Under Idaho law, the legally cognizable sentence in a criminal case is the oral pronouncement in the presence of the defendant. State v. Wallace, 116 Idaho 930, 932, 782 P.2d 53, 55 (Ct.App. 1989). The legal sentence consists of the words pronounced in open court by the judge, not the words appearing in the written order of commitment. Id.; State v. Dreier, 139 Idaho 246, 254, 76 P.3d 990, 998 (Ct.App. 2003). Therefore, when there is a disparity between the sentence imposed in open court and that expressed in the written judgment of conviction, it is the orally pronounced sentence that is effective. Dreier, 139 Idaho at 254, 76 P.3d at 998; State v. Watts, 131 Idaho 782, 786, 963 P.2d 1219, 1223 (Ct.App. 1998).

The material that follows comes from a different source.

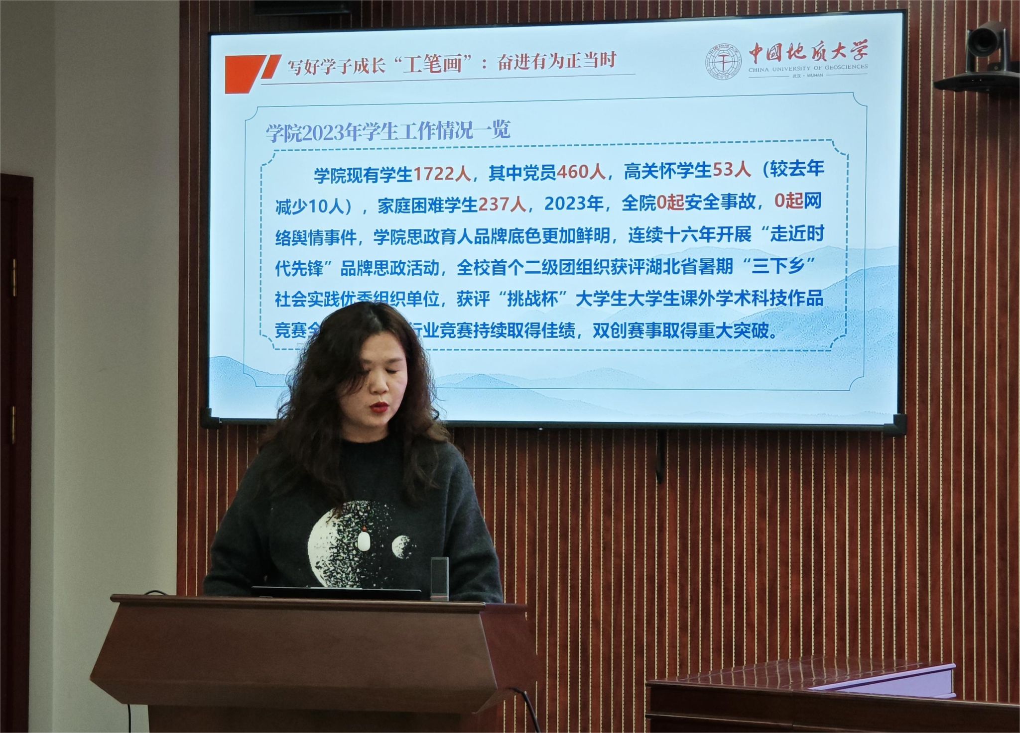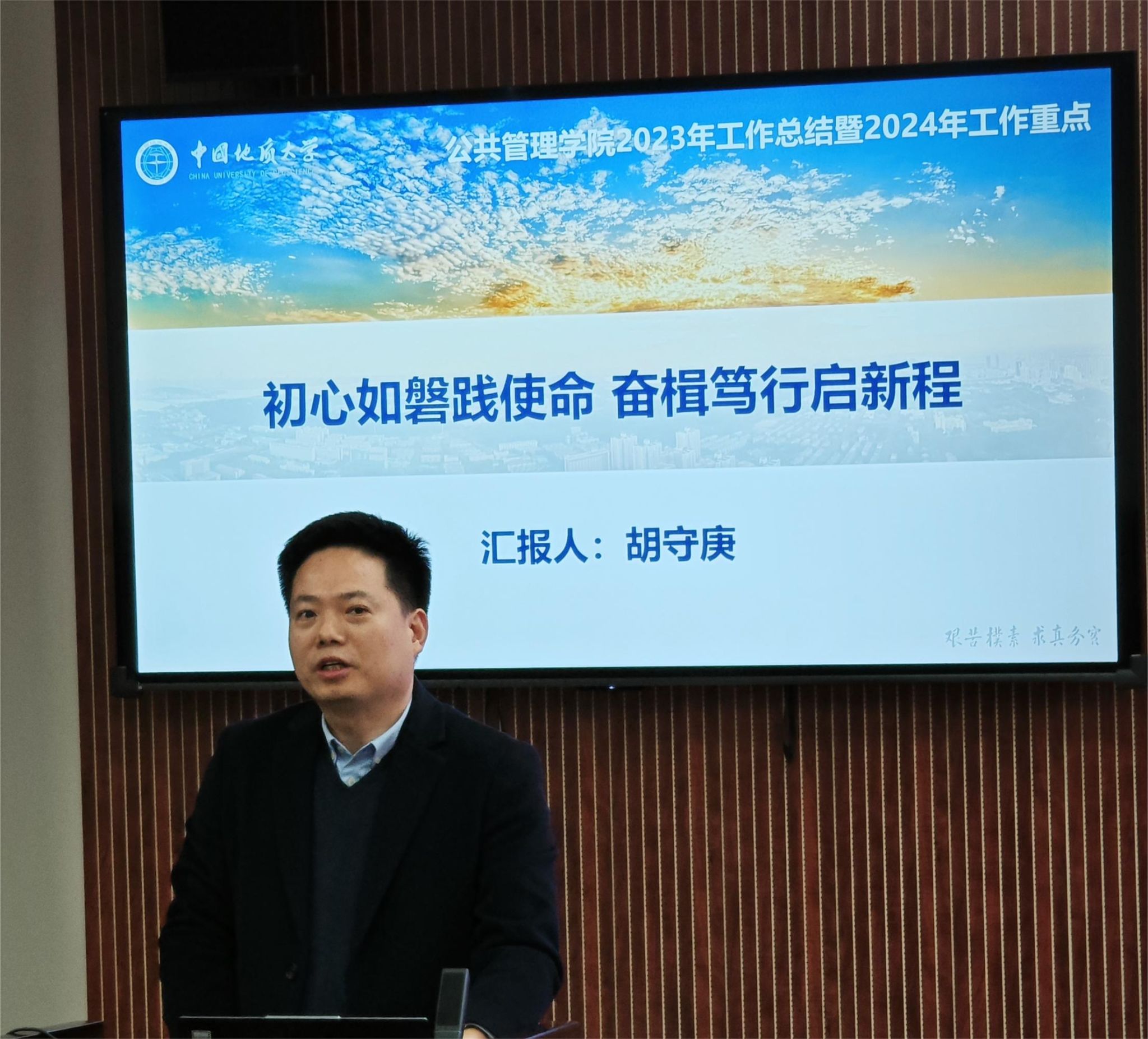 会议分为四个阶段。第一阶段,胡守庚院长作了题为《初心如磐践使命 奋楫笃行启新程》的工作报告,回顾学院2023年工作成效,展望2024年工作。他讲到,2023年是公共管理学科提档升级和法学学科创新发展之年,学院各项事业取得长足进步。2024年,学院要贯彻落实学校十三次党代会精神和双一流建设发展任务,聚焦标志性成果建设、特色新型智库建设、教师队伍发展建设等三大发展方向,进一步推进学院高质量发展。

The Commission on Pardons and Parole is vested with the discretion to grant or deny parole at any time after the completion of the determinate portion of a defendant's sentence. I.C. § 20-223(c); State v. Huffman, 144 Idaho 201, 203, 159 P.3d 838, 840 (2007). Because the commission is vested with the ultimate authority to grant or deny parole, the district court's recommendation that Barclay not be released until he has completed the therapeutic community is merely that, a recommendation. The commission may choose to follow the district court's recommendation or it may not. However, because the ultimate decision rests with the commission, we conclude the district court's recommendation is not part of Barclay's sentence.
IV. CONCLUSION
The district court lacked the statutory authority to order a second period of retained jurisdiction without an intervening period of probation. The district court did not abuse its discretion in sentencing Barclay to a unified term of four years, with a minimum period of confinement of two years, for possession of a controlled substance. A recommendation to the commission regarding Barclay's parole eligibility is not part of Barclay's sentence. Therefore, the order relinquishing jurisdiction and Barclay's sentence are affirmed.
Judge LANSING, and Judge Pro Tem WALTERS, CONCUR.